Aşağıdaki tabloda, ülkelerin askeri harcamaları ve eğitim harcamalarının, o ülkenin Gayri Safi Milli Hasıla (GSMH)’sına oranı yer alıyor. Oranlar hesaplanırken bazı ülkeler için 2009, bazıları için ise 2008 veya mümkün olan en yakın tarih esas alınmış. GSMH rakamları ABD doları bazında ve “satın alma gücü paritesi” göz önüne alınmaksızın hesaplanmış.
İlk iki sütuna bakıldığında, gelişmiş ülkelerin eğitim için harcadıkları paranın, askeri harcamalar için harcadıklarından oransal olarak çok yüksek olduğunu görüyoruz. Gelişmekte olan ülkelerin askeri harcamaları ise, neredeyse eğitim için ayırdıkları paranın iki katı. Zaten, bu yüzden de geri kalıyorlar ve ülkelerinde gerçek anlamda demokrasiyi yerleştiremiyorlar. Dikkat edilirse, dünyadaki en yüksek askeri harcamayı yapan ABD’de bile, eğitim harcamaları askeri harcamaların üzerinde. Almanya ve Brezilya gibi ülkeler, askeri harcamalarının 3 katı eğitime para ayırıyorlar. Sürekli savaş halinde olan İsrail’de bile eğitim harcamaları askeri harcamalara yakın. Bizim ise, eğitime harcadığımız para, askeri harcamalarımızın neredeyse yarısı kadar.
Üçüncü sütundaki “ailelerin gelir dağılımındaki yeri” tablosu hazırlanırken, Lorenz eğrisi esas alınmış. Bu sütundaki rakam (Gini Endeks) küçüldükçe, gelir dağılımı iyileşiyor. “45”in üzerindeki bir gelir dağılımı rakamının, dünya ortalamasından iyi olduğunu söyleyebiliriz. “41” rakamına ulaşan Türkiye’de gelir dağılımının, dünya ortalamasından biraz kötü olduğu anlaşılıyor. Askeri harcamaların yüksek olduğu ülkelerde, genellikle gelir dağılımı da bozuk. Yöneticilerimiz maalesef yıllardır görmek istedikleri rakamlardan bahsederek, bizi yönlendiriyorlar. Gelir dağılımı ve askeri harcamalar onları pek ilgilendirmiyor.
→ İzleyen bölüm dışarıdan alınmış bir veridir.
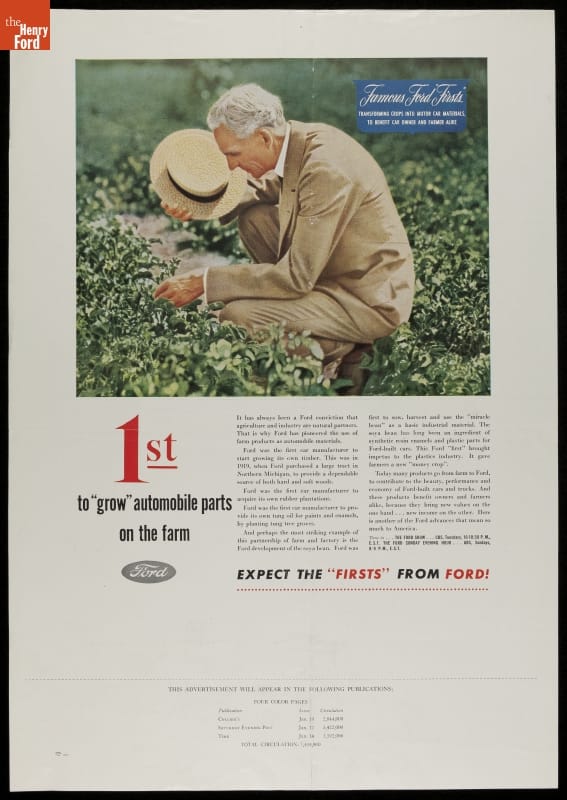 Featuring company founder Henry Ford, this national advertising campaign includes views that he promoted beginning in early 1928: "Transforming Crops into Motor Car Materials, to Benefit Car Owner and Farmer Alike." In 1931, Henry Ford decided to experiment with soybeans, and by 1933 produced oil for paints and molded ground meal into small plastic car parts, like gear shift knobs.

Dördüncü sütundaki ülkelerin nüfus artış hızı, doğum-ölüm farkı alınıp bu rakama ülkeye giren göçmenler eklenerek hesaplanmış. Yani, asgari 3 çocuk yapmakla iş bitmiyor; nüfus göçünü de kontrol altında tutmak gerek. Gelişmiş ülkelerde “Göçmen Bakanlığı” bu yüzden oluşturulmuş. Bu sütundaki “gerçek nüfus artış hızı”, ülkelerin büyüme rakamını doğrudan etkiliyor; nüfus artış hızı kadar yıllık büyüme rakamı düşüyor. Yine görülüyor ki, genellikle nüfusu hızlı artan ülkelerde, eğitim harcamalarının askeri harcamalara oranı düşüyor. Geri kalmışlık kısır döngüsü bu yüzden kırılamıyor.